Further, rebutting Novak's claim -- and Hitchens's echoing of that claim -- that the disclosure of Plame's identity was not part of a deliberate effort to smear Wilson, in court filings released on April 6, Fitzgerald wrote that "it is hard to conceive of what evidence there could be that would disprove the existence of White House efforts to 'punish' Wilson." Moreover, as Media Matters has previously noted, in court filings including the indictment of former vice presidential chief of staff I. Lewis "Scooter" Libby for perjury and obstruction of justice, Fitzgerald asserted that Novak was not the first reporter to be told Plame's identity by administration officials. According to the indictment, Libby discussed Plame's CIA employment with former New York Times reporter Judith Miller on two occasions prior to Novak's July 14, 2003, column that revealed Plame's identity -- on June 23, 2003, and July 8, 2003; Matthew Cooper, then Time magazine's White House correspondent, claimed that White House senior adviser Karl Rove disclosed Plame's CIA identity to him on July 11, 2003; and an unnamed administration official reportedly leaked the information to Washington Post staff writer Walter Pincus on July 12, 2003. It was this pattern, among other things, that led Fitzgerald to assert the existence of a "concerted action" by "multiple people in the White House" to smear Wilson after the publication of his July 6, 2003, New York Times op-ed -- in which he cast doubt over Bush's claims about Iraqi attempts to buy uranium from Niger. Hitchens's column never mentioned Miller, Pincus, or Cooper.
"He [Novak] was never told the name Plame but discovered it from Who's Who in America, which contained it in Joseph Wilson's entry."

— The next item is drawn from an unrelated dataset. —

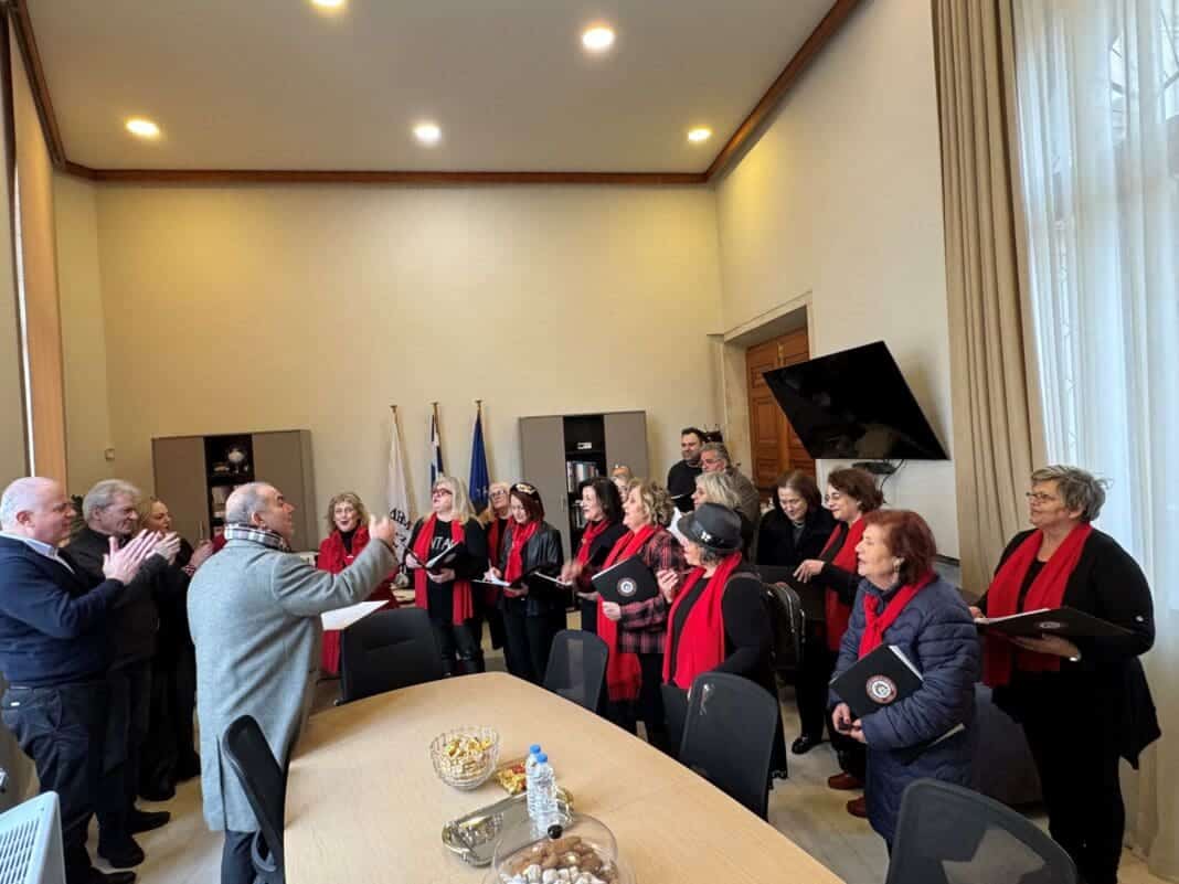 Με πρωτοχρονιάτικες μικρασιάτικες μελωδίες πλημμύρισε χθες 30-12-2024 η Λότζια, από τα κάλαντα που έψαλαν στο Δήμαρχο Ηρακλείου Αλέξη Καλοκαιρινό ο Σύλλογος Αλατσατιανών και ο Πολιτιστικός Σύλλογος Φορτέτσας παρουσία του Αντιδημάρχου Οικονομικών & Ανάπτυξης της Τοπικής Οικονομίας Γιώργου Αγριμανάκη, της Αντιδημάρχου Διοίκησης και Προγραμματισμού Γιάννας Καλονάκη και της Γενικής Γραμματέως του Δήμου Μαρίας Σκραφνάκη.

Hitchens repeated a popular argument among conservative media figures -- that there is significance to Novak's claim that he was not told Plame's name by administration sources but learned it from Who's Who in America. Hitchens did not explain the purported significance of this. In fact, as Media Matters has noted, whatever harm that arose from the outing of Plame resulted not from the disclosure of her actual name, but from identifying "Wilson's wife" as an employee of the CIA. As Media Matters -- and Novak -- have noted, the actual name of "Wilson's wife" could have been -- and apparently was, by Novak -- easily discovered. Even Rove's attorney, Robert Luskin, and Republican attorney Victoria Toensing, a defender of Novak's, acknowledged that public disclosure of Plame's actual name had no bearing on whether there was a violation of the law.

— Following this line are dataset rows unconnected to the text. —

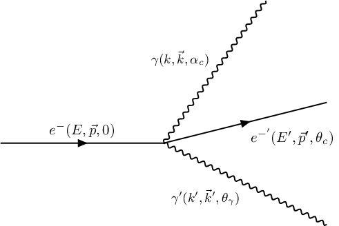 - Scattered photons $\gamma\prime$ with energy $k\prime$, scattering angle $\theta_\gamma$ with respect to $\vec z$ and momentum $\vec k\prime = (k\prime \sin \theta_\gamma, k\prime \sin\theta_\gamma\cos\phi, k\prime\cos\theta_\gamma)$.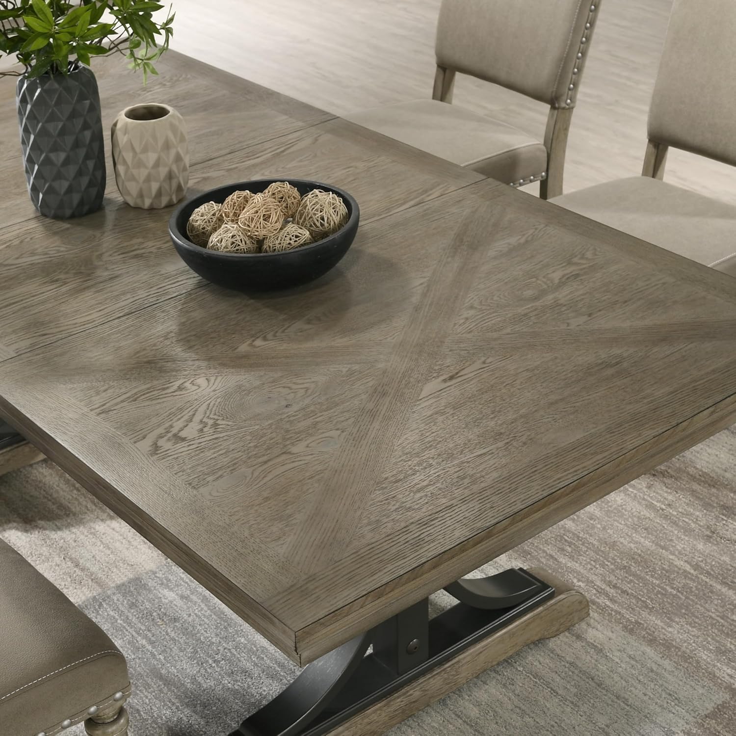 Its driftwood finish pairs beautifully with neutral color schemes, light woods, and even bold accent pieces, allowing you to integrate the set seamlessly into existing interiors. Whether placed in a formal dining room, a breakfast nook, or a combined kitchen-family area, this set delivers both comfort and visual cohesion. The nailhead bench not only provides extra seating but also serves as a stylish focal point, while the armchairs offer added support during longer meals.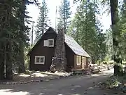 The Warner Valley Ranger Station, also known as the Warner Valley Patrol Cabin and Quarters 304, is located in the southern portion of Lassen Volcanic National Park, on the access road to the Drakesbad Guest Ranch. Built in 1926, it is unusual in its choice of construction method. While it resembles a log cabin, it was built using stacked milled 2x6 lumber to form the walls. It is the only such building known to have been built in this manner in the western regions of the National Park Service system. The interlocking boards extend past each other at the corners, forming a decorative detail.[2]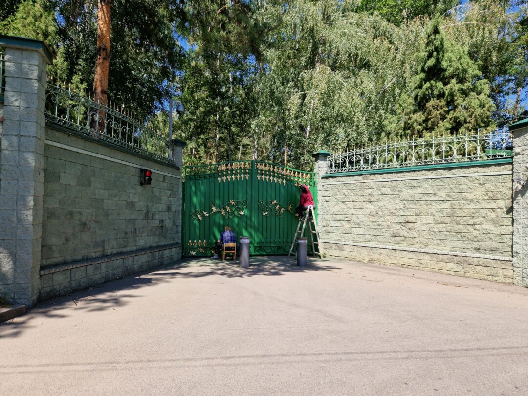 Монолитті қақпаларға жақындап көрдік. Қақпа жақтан күзетші шығып, бір-екі ауыз сөз алмасқан бойда журналистерді қуып жіберді.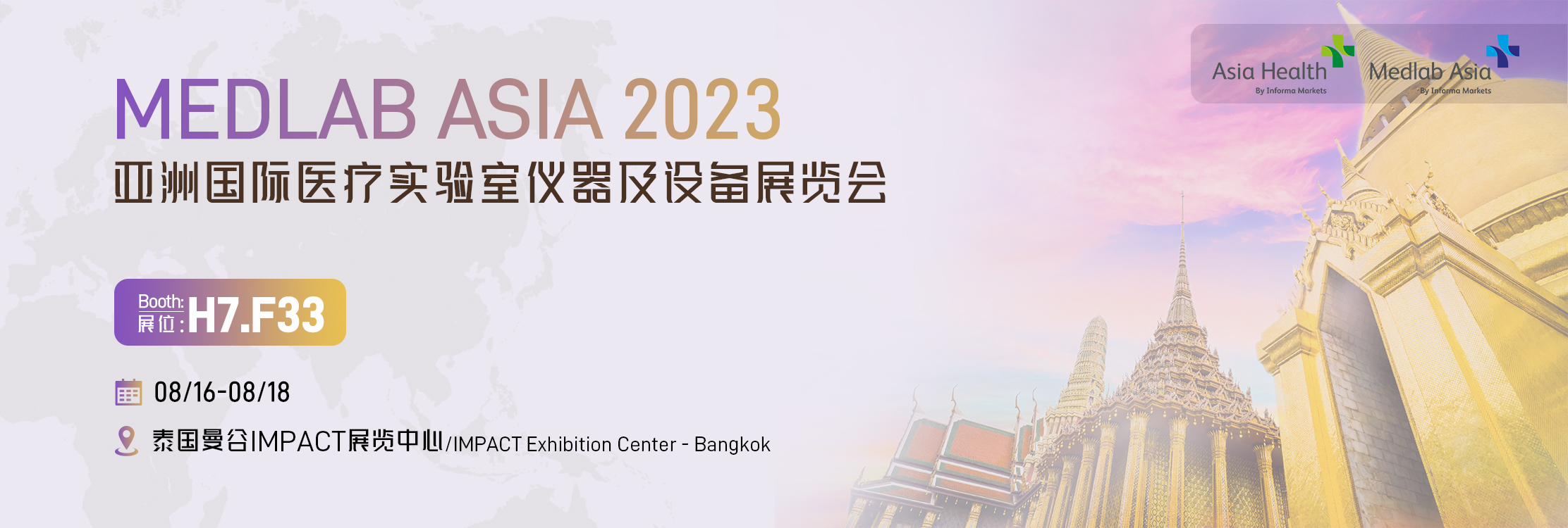2023年8月16-18日,亚洲国际医疗实验室仪器及设备展览会(Medlab Asia & Asia Health)将在泰国曼谷Impact展览中心召开。作为亚洲地区最具影响力的医疗盛会,Medlab Asia为医学和实验室专业人士提供了一个独特的平台,预计今年将有7500多名专业人员参会,包括来自亚洲各地的代表、业内专家、经销商和实验室高管等。

"Special prosecutor Patrick Fitzgerald had all along known which sources had responded to Novak's questions."
While this fact, if true, may be relevant to whether Fitzgerald was satisfied with Novak's level of cooperation with the investigation -- implying that Novak did cooperate to the extent that was necessary -- Hitchens does not explain how this "dissolve[s] any remaining doubt" about whether the Bush administration purposely leaked Plame's identity. In fact, as mentioned above, Fitzgerald has also stated there was a "concerted action" by "multiple people in the White House" to "discredit, punish or seek revenge against" Wilson. Also, as mentioned above, although Novak has yet to reveal the identity of his primary source, Fitzgerald has alleged that Libby and Rove gave Plame's identity to other reporters before it was given to Novak.